— А ты что не знаешь? На невольничий рынок. Читал, небось, как в старину рабов продавали. Вот так и нас продадут…
Наступает долгое, тягостное молчание. И снова мы слышим знакомый голос:
— Но все же — где будем приземляться? Неужели в Германии, чтоб ее…
Услышав слово «приземляться», Володька приподнял голову и бросил в темноту:
— Эй, кто там? Летчик?
— Да, а ты?
— Тоже из пернатых.
Нового Володькиного приятеля зовут Иваном. По фамилии здесь никого не называют. Поинтересовавшись фамилией, можно вызвать подозрение товарищей.
Чувство боевого братства сближает. Забыв обо всем на свете, летчики вспоминают фронтовые дела, клянут ту минуту, когда попали в руки врагу.

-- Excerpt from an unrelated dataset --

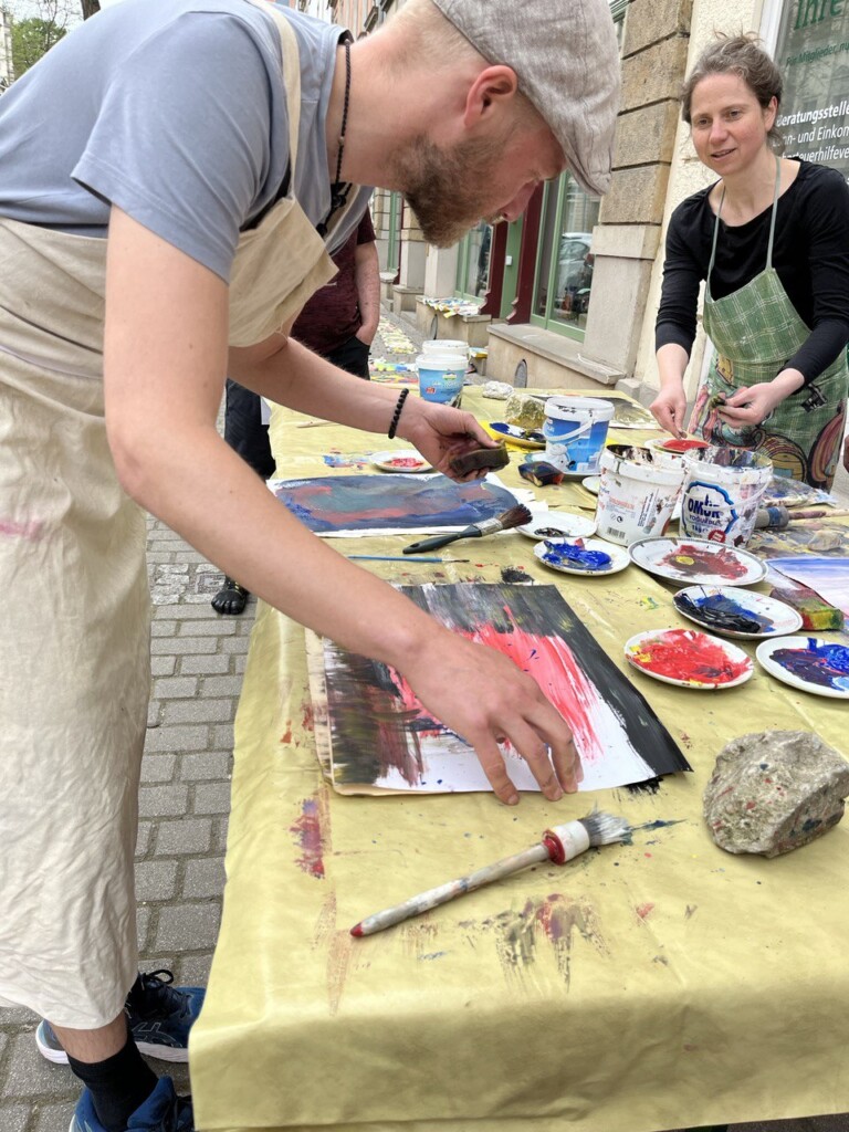 Um das Fest wieder so bunt und vielfältig wie möglich zu gestalten, laden wir euch ein, eure Kunst, egal ob Bilder, Skulpturen, Literatur, Musik o. ä., zu präsentieren. Hierzu könnt ihr uns im Rahmen einer unserer wöchentlichen Veranstaltungen, z.B. Montagsdinner, Repair Café usw., eure Werke vorbeibringen.

А в зарешеченных окнах теплушки мелькают места ожесточенных боев, виднеются обгоревшие танки, врезавшиеся в землю самолеты. Где-то совсем рядом проходит граница. Здесь наши братья принимали на себя первые удары гитлеровской военной машины.
Вечером в вагоне все затихает. Кто-то просит воды. Но воду можно получить лишь на узловой станции и то не всегда. Человек плачет, умоляет:
— Товарищи, братцы, хоть один глоток, неужели ни у кого не найдется?..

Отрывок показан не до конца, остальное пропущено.